AEW Beach Break is an annual professional wrestling television special produced by the American promotion All Elite Wrestling (AEW). Established in 2021, the original event aired as a special episode of the promotion's flagship weekly television program, Dynamite. In 2022, it was expanded to a two-part event, with the second part airing as a special episode of Rampage. It is named after one of AEW wrestler Orange Cassidy's finishing moves, the Beach Break. The event replaced Bash at the Beach as the promotion's beach-themed event held in midwinter.

History
On March 18, 2019, Cody Rhodes, who became a wrestler and an executive vice president of All Elite Wrestling (AEW), filed to trademark several World Championship Wrestling (WCW) event names that WWE (the owner of WCW's intellectual property) had let expire, including Bash at the Beach, on the basis that Dusty Rhodes, his father, created them. Accordingly, AEW held two Bash at the Beach events in 2020. In November of that year, however, a settlement was reached between Cody Rhodes and WWE in which Cody gained the "Cody Rhodes" trademark, which WWE had held onto after his run in that company, in exchange for WWE gaining the WCW event name trademarks that Cody had claimed, including Bash at the Beach.
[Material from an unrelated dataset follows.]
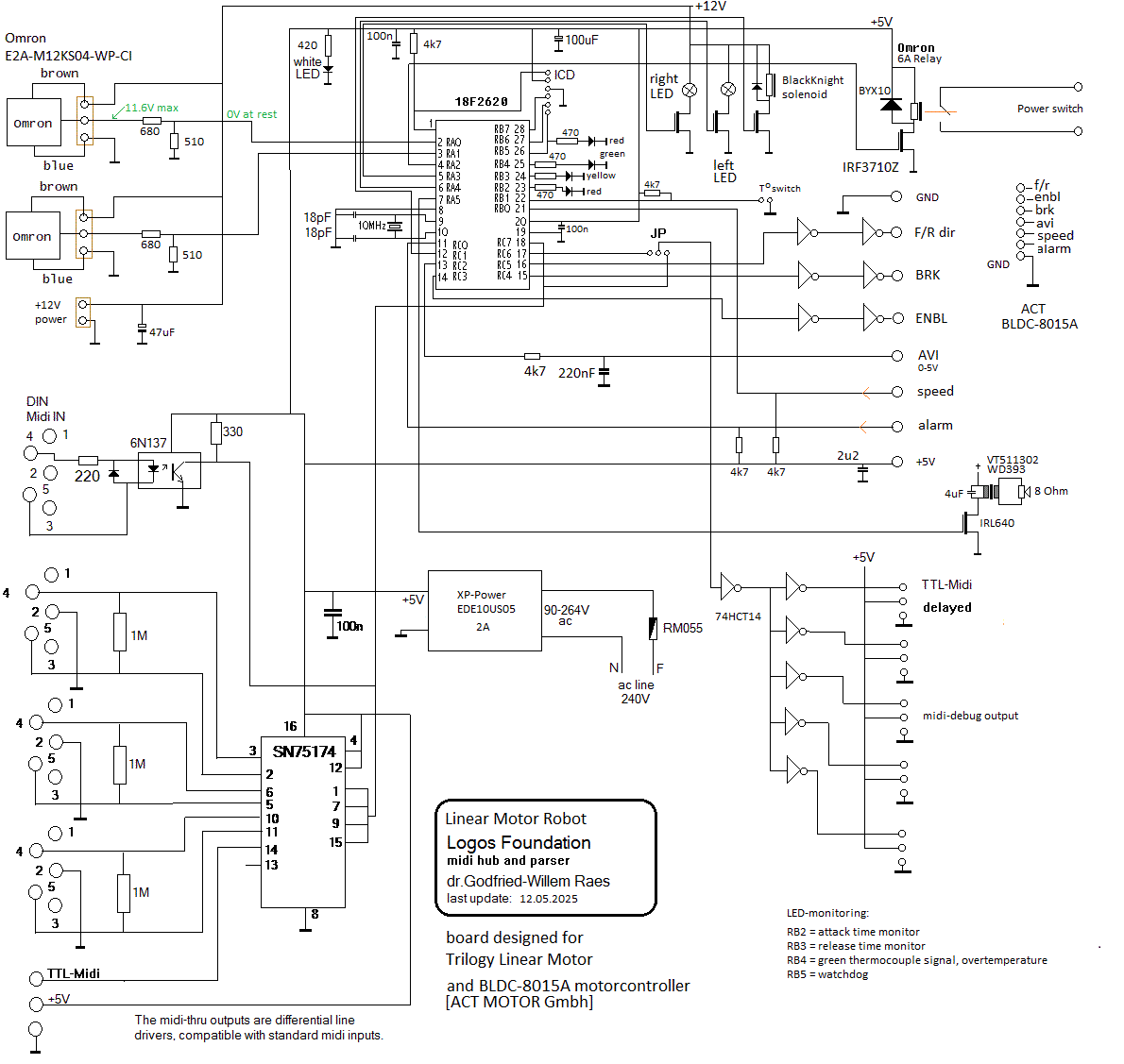 20.08.2025: Op de nieuwe PCB's hebben we klaarblijkelijk pull up weerstanden van 4k7 vergeten te voorzien op de pennen RB0 en RC0... Op print #3 meteen gekorrigeerd evenals op de print layout in 600 dpi (file PCB_Hub_linmot_V3.bmp). We monteerden 4k99 exemplaren. Ook op de RaspE print (print #2) voerden we dezelfde korrekties uit. Daarvoor dienden we wel alle konnektors los te maken... RaspE zou nu korrekt moeten werken. Te testen.

Two weeks after the trademark settlement was announced, AEW replaced Bash at the Beach with an event called Beach Break, named after one of AEW wrestler Orange Cassidy's finishing moves, the Beach Break. It was announced to be held as a special episode of Dynamite in January 2021. However, the event was later rescheduled to February 3. Due to the ongoing COVID-19 pandemic, the event was held at Daily's Place in Jacksonville, Florida.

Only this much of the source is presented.